## About this exercise
Look through the data below for the line with "Tegelwerk: Keramische vloertegels" and the line with "美的(Midea)空气循环扇直流变频电风扇落地扇家用安睡一级能效电扇轻音净化扇轻羽扇 【幸运草安睡2.0 一键拆装】AI语音", then output those two and all lines in between, exactly as written.

## Available records
___
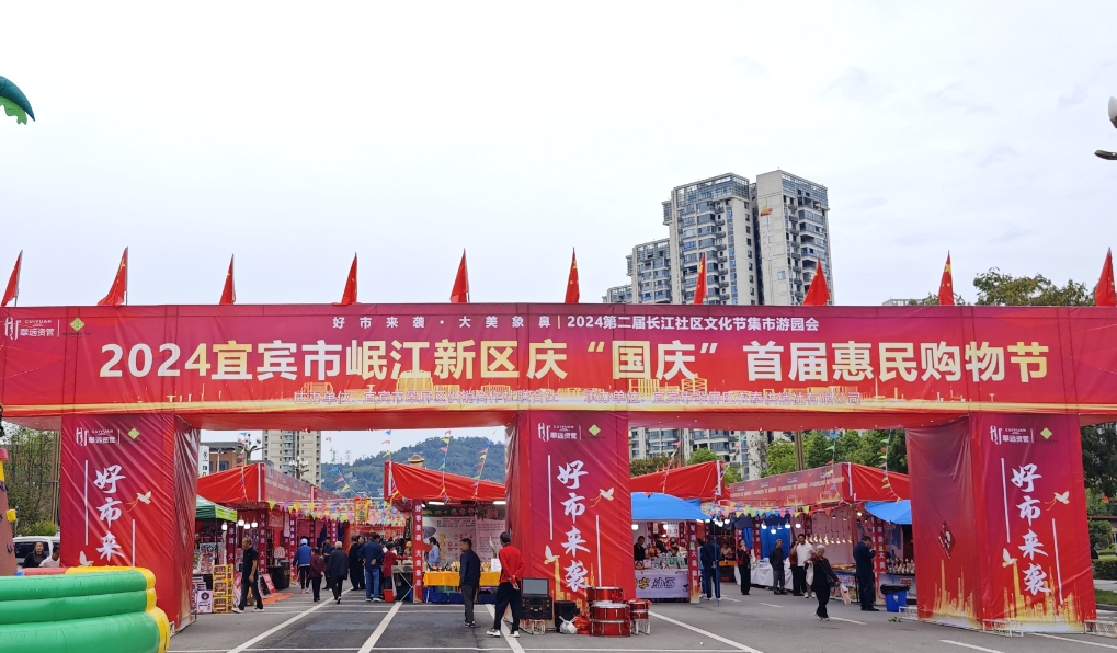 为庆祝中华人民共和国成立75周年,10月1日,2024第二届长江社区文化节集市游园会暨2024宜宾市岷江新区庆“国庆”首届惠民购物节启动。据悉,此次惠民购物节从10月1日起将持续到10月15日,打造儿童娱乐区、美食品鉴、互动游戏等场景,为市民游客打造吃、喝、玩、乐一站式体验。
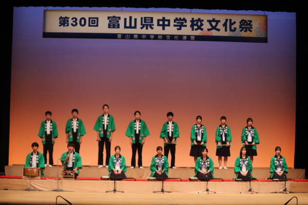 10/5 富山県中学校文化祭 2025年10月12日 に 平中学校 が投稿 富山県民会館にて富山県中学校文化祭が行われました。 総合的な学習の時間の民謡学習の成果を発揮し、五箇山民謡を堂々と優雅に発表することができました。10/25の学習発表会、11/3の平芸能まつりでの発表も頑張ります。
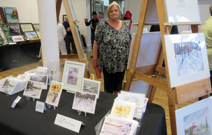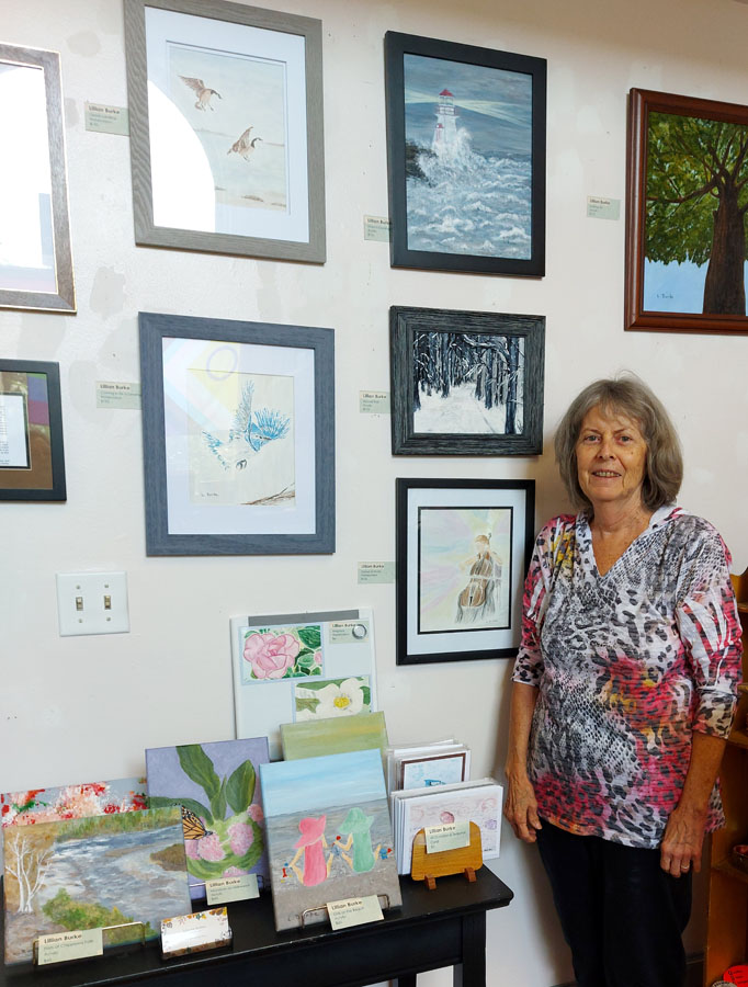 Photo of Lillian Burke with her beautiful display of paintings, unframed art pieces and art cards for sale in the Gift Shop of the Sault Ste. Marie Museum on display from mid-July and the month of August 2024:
___
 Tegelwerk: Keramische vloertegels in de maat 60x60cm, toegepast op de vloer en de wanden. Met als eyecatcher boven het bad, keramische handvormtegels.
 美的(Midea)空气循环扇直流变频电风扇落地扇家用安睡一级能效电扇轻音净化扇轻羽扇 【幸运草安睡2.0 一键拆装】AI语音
___
## Problem solution
 Tegelwerk: Keramische vloertegels in de maat 60x60cm, toegepast op de vloer en de wanden. Met als eyecatcher boven het bad, keramische handvormtegels.
 美的(Midea)空气循环扇直流变频电风扇落地扇家用安睡一级能效电扇轻音净化扇轻羽扇 【幸运草安睡2.0 一键拆装】AI语音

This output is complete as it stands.